With this release, the changes to pg_num
are limited to avoid the issue with per-osd placement group limits.
New pg_progress
item is created to avoid dumping all placement group statistics for progress updates
Previously, the pg_dump
item included unnecessary fields that wasted CPU if it was copied to python-land
. This tended to lead to long ClusterState::lock
hold times, leading to long ms_dispatch
delays and generally slowing the processes.
With this release, a new pg_progress
item is created to dump only the fields that mgr tasks
or progress
needs.
The mgr_ip
is no longer re-fetched
Previously, the mgr_ip
had to be re-fetched during the lifetime of an active Ceph manager module.
With this release, the mgr_ip
does not change for the lifetime of an active Ceph manager module, thereby, there is no need to call back into Ceph Manager for re-fetching.

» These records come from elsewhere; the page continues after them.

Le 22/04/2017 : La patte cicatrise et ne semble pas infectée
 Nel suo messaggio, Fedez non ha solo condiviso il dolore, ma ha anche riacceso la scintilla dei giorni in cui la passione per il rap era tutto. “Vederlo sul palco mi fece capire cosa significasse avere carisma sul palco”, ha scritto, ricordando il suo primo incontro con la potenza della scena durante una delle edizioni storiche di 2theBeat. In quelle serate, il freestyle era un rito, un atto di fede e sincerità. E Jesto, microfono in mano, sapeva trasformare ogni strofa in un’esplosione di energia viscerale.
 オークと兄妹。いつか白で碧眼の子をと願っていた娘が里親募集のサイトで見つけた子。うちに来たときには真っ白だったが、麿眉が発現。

WORM compliance is now supported
Red Hat now supports WORM compliance.
See the Enabling object lock for S3 for more details.

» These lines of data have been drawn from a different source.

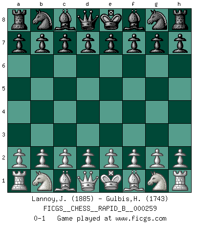 Last move : 0-1 2018 February 26 15:30:43 [Event "FICGS__CHESS__RAPID_B__000259"] [Site "FICGS"] [Date "2018.01.27"] [Round "1"] [White "Lannoy,Jean-Claude"] [Black "Gulbis,Harijs"] [Result "0-1"] [WhiteElo "1885"] [BlackElo "1743"] 0-1 This chess game has been lost on time (started : 2018.01.27 15:2:41) Player Black won this chess game. Follow this game move after move (download)Checkers is for tramps. (Paul Morphy) Der Freibauer hat für mich eine Seele, genau wie der Mensch, Wünsche, die unerkannt in ihm schlummern, und Befürchtungen, von deren Existenz er selbst kaum ahnt. (Aaron Nimzowitsch) El jugador táctico debe saber que hacer cuando algo se debe de hacer. El estratégico debe saber que hacer cuando nada se debe de hacer. (Savielly Tartakover) Je ne crois pas en la psychologie, je crois aux bons coups. (Robert Fischer) To be champion requires more than simply being a strong player; one has to be a strong human being as well. (Anatoly Karpov)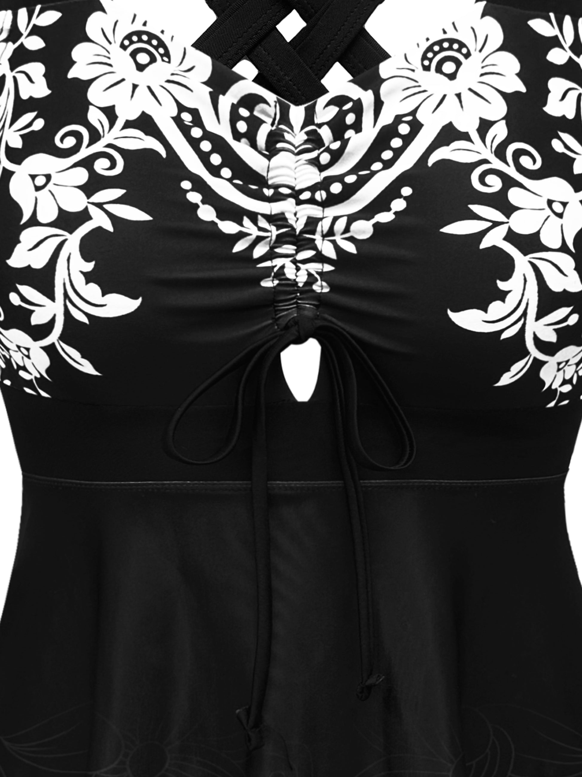 European American Floral Swimsuit for Women with Pleated Edges Polyester Elastane Two-Piece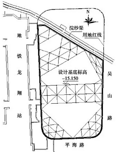 (5)基坑周边距离道路、管线以及在建或已建的建筑物很近,尤其是北侧紧贴浣纱渠、西侧与在建的地铁车站距离很近,对变形和稳定的控制要求很高。

Set rate limits on users and buckets
With this release, you can set rate limits on users and buckets based on the operations in a Red Hat Ceph Storage cluster. See the Rate limits for ingesting data for more details.
librbd
plugin named persistent write log cache to reduce latency
With this release, the new librbd
plugin named Persistent Write Log Cache (PWL) provides a persistent, fault-tolerant write-back cache targeted with SSD devices. It greatly reduces latency and also improves performance at low io_depths
. This cache uses a log-ordered write-back design which maintains checkpoints internally, so that writes that get flushed back to the cluster are always crash consistent. Even if the client cache is lost entirely, the disk image is still consistent; but the data will appear to be stale.
Ceph File System (CephFS) now supports high availability asynchronous replication for snapshots
Previously, only one cephfs-mirror
daemon would be deployed per storage cluster, thereby a CephFS supported only asynchronous replication of snapshots directories.
With this release, multiple cephfs-mirror
daemons can be deployed on two or more nodes to achieve concurrency in snapshot synchronization, thereby providing high availability.
See the Ceph File System mirroring section in the Red Hat Ceph Storage File System Guide for more details.
BlueStore is upgraded to V3
With this release, BlueStore object store is upgraded to V3. Following are the two features:
- The allocation metadata is removed from RocksDB and now performs a full destage of the allocator object with the OSD allocation.
- With cache age binning, older onodes might be assigned a lower priority than the hot workload data. See the Ceph BlueStore for more details.
Use cephadm
to manage operating system tuning profiles
With this release, you can use cephadm
to create and manage operating system tuning profiles for better performance of the Red Hat Ceph Storage cluster. See the Managing operating system tuning profiles with `cephadm` for more details.
The new cephfs-shell
option is introduced to mount a filesystem by name
Previously, cephfs-shell could only mount the default filesystem.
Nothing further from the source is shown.